Throughout his youth, Speck was a poor student and an incorrigible juvenile delinquent, beginning his life of crime at a young age.  He was married briefly in a union marked by abuse and spousal rape, and he spent much of his married life in and out of prison, although he allegedly found time to father a child.  

In January 1966, only months before he visited a student nurses’ home in Chicago, he was arrested for burglary and stabbing, although he got away with raping 65-year-old Virgil Harris and beating Mary Kay Pierce to death; in both cases, he somehow managed to avoid in-depth interrogation.

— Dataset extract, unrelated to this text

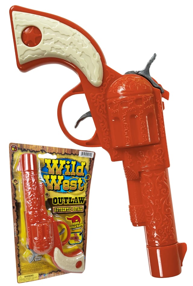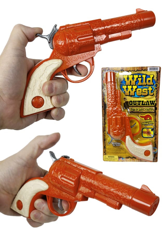 Outlaw Revolver Cap Gun : Orange Plastic : Paper Roll Caps

But he could not avoid what was to happen on July 14, 1966, when Speck broke into a South Chicago townhouse and took as hostages nursing students Gloria Davy, Patricia Matusek, Nina Schmale, Pamela Wilkening, Suzanne Farris, Mary Ann Jordan, Merlita Gargullo, and Valentina Pasion.  Speck, who had originally planned to commit a routine burglary, was high on both alcohol and drugs, and his quickly evolving plans grew to become anything but routine.

Enraged when one of the girls being held hostage spit in his face, he began methodically beating, raping, and stabbing his victims to death.  A leading psychiatrist who interviewed Speck remarked that he had experienced the Madonna-whore complex: Gloria Davy reminded Speck of the wife who had divorced him six months before the killing spree.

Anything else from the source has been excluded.